The lines to return run from the one containing "4月28日,我院健康体检中心" through the end of the material; give them exactly and leave out the pictures.
=-=-=-=-=
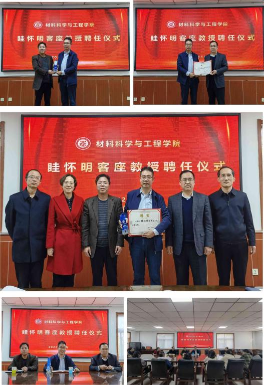 举行眭怀明客座教授聘任仪式。院党委书记廖海洪、院长王强、院党委副书记郭云霞、副院长李迎春、刘斌、教师代表和研究生代表参加了聘任仪式。
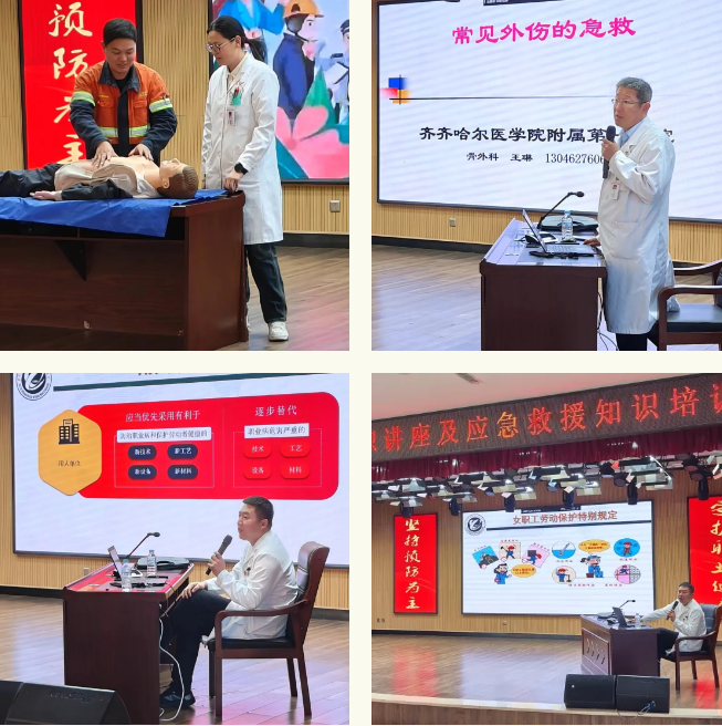 4月28日,我院健康体检中心副主任解诗远、骨外科三病区主任王琳、急诊科医生马贺分别以《职业健康讲座》《常见创伤的处置》《心肺复苏》为题目,为黑龙江省紫金铜业有限公司职工进行现场培训。讲座现场气氛热烈,紫金铜业的安环人员纷纷表示,此次讲座的医学科普知识正是日常工作或者生活中常用的,关乎个人的自身权益及生命健康,确实受益匪浅。
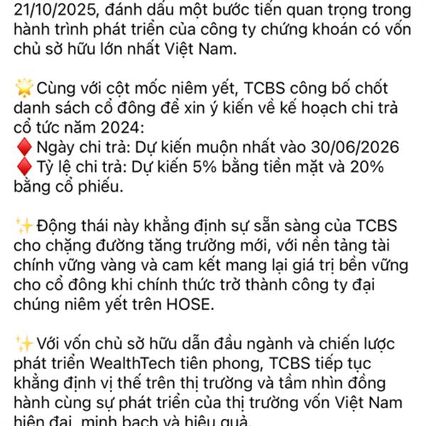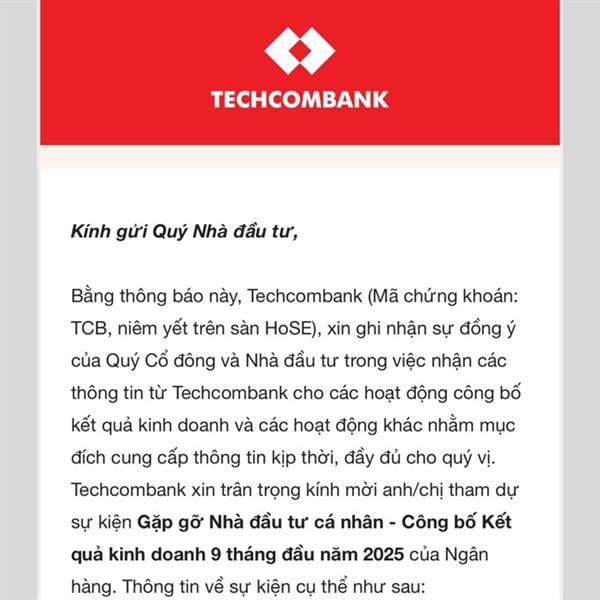- 23/10 TCB tổ chức gặp gỡ nhà đầu tư - công bố kết quả kinh doanh.
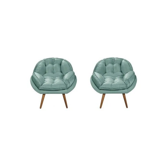 Kit 02 Poltrona Decorativa California Suede Tiffany Pés Palito - Fina Mobília Tiffany
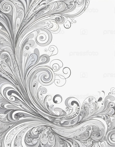 Узор с закрученными, цветочными формами. Дизайн оттенков серого, создавая визуально привлекательный и текстурированный фон. Сложные детали и органические кривые добавляют ощущение движения и текучести. ИИ
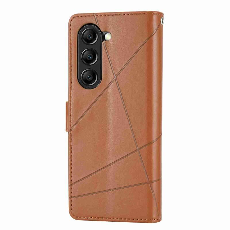 Θήκη τηλεφώνου Samsung Galaxy Z Fold5 από γνήσιο δέρμα PU με ανάγλυφη υφή και λεπτομέρειες γραμμής (Μπλε)
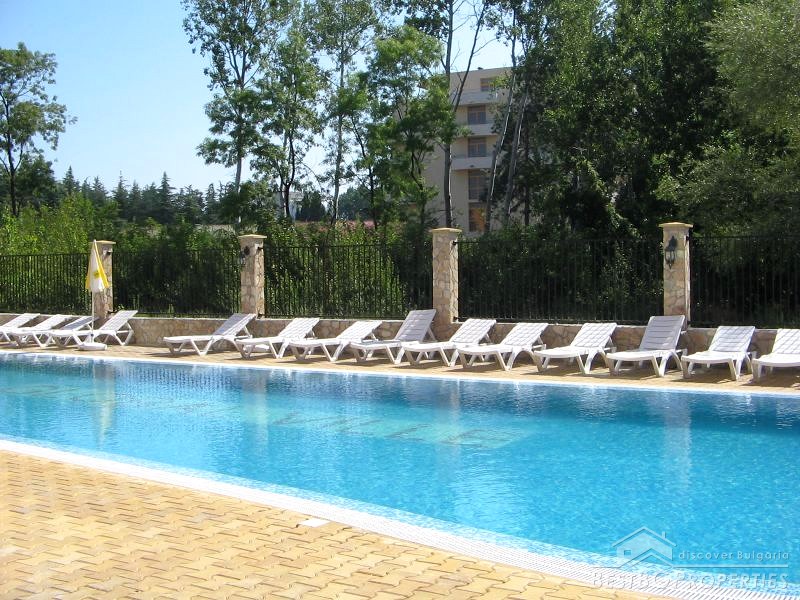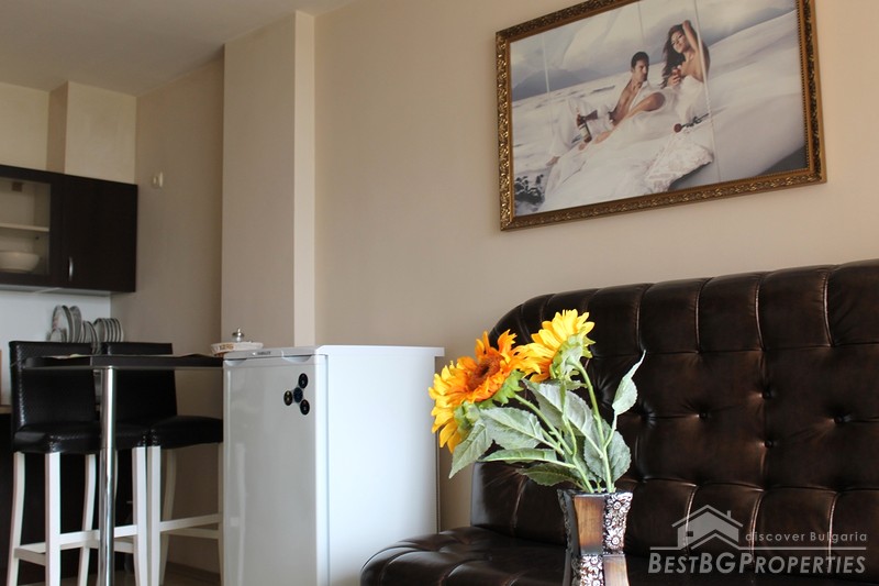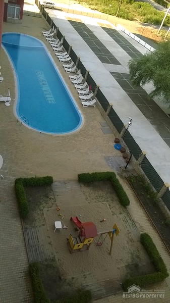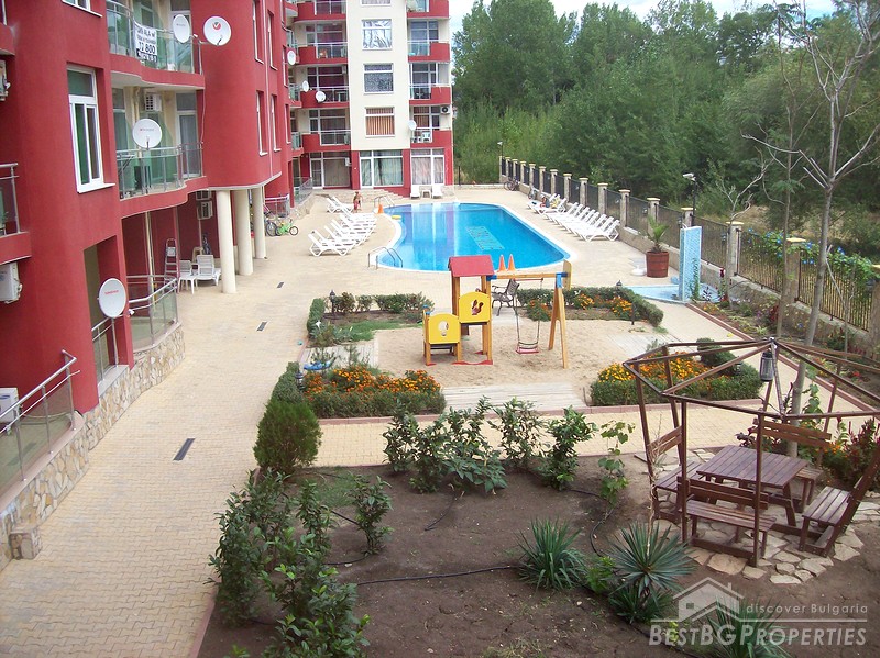 The building has very convenient location, near the famous Cocoa Beach - 150 meters, close to a bus stop to Nessebar, Sveti Vlas, Pomorie and the central airport of Burgas. The central supermarket Mladost is just at 8-10 min walk. The building is situated in a quiet, comfortable place, the apartment itself is also very cozy and comfortable! The building has a small shop where you can buy everything you need. At the disposal of the owners of the complex and their guests there is an inner courtyard with adult and children's pools, sun loungers and parasols, as well a children's playground and a parking, only for the residents of the complex.
=-=-=-=-=
COMPLETED TASK ::
 4月28日,我院健康体检中心副主任解诗远、骨外科三病区主任王琳、急诊科医生马贺分别以《职业健康讲座》《常见创伤的处置》《心肺复苏》为题目,为黑龙江省紫金铜业有限公司职工进行现场培训。讲座现场气氛热烈,紫金铜业的安环人员纷纷表示,此次讲座的医学科普知识正是日常工作或者生活中常用的,关乎个人的自身权益及生命健康,确实受益匪浅。
- 23/10 TCB tổ chức gặp gỡ nhà đầu tư - công bố kết quả kinh doanh.
 Kit 02 Poltrona Decorativa California Suede Tiffany Pés Palito - Fina Mobília Tiffany
 Узор с закрученными, цветочными формами. Дизайн оттенков серого, создавая визуально привлекательный и текстурированный фон. Сложные детали и органические кривые добавляют ощущение движения и текучести. ИИ
 Θήκη τηλεφώνου Samsung Galaxy Z Fold5 από γνήσιο δέρμα PU με ανάγλυφη υφή και λεπτομέρειες γραμμής (Μπλε)
 The building has very convenient location, near the famous Cocoa Beach - 150 meters, close to a bus stop to Nessebar, Sveti Vlas, Pomorie and the central airport of Burgas. The central supermarket Mladost is just at 8-10 min walk. The building is situated in a quiet, comfortable place, the apartment itself is also very cozy and comfortable! The building has a small shop where you can buy everything you need. At the disposal of the owners of the complex and their guests there is an inner courtyard with adult and children's pools, sun loungers and parasols, as well a children's playground and a parking, only for the residents of the complex.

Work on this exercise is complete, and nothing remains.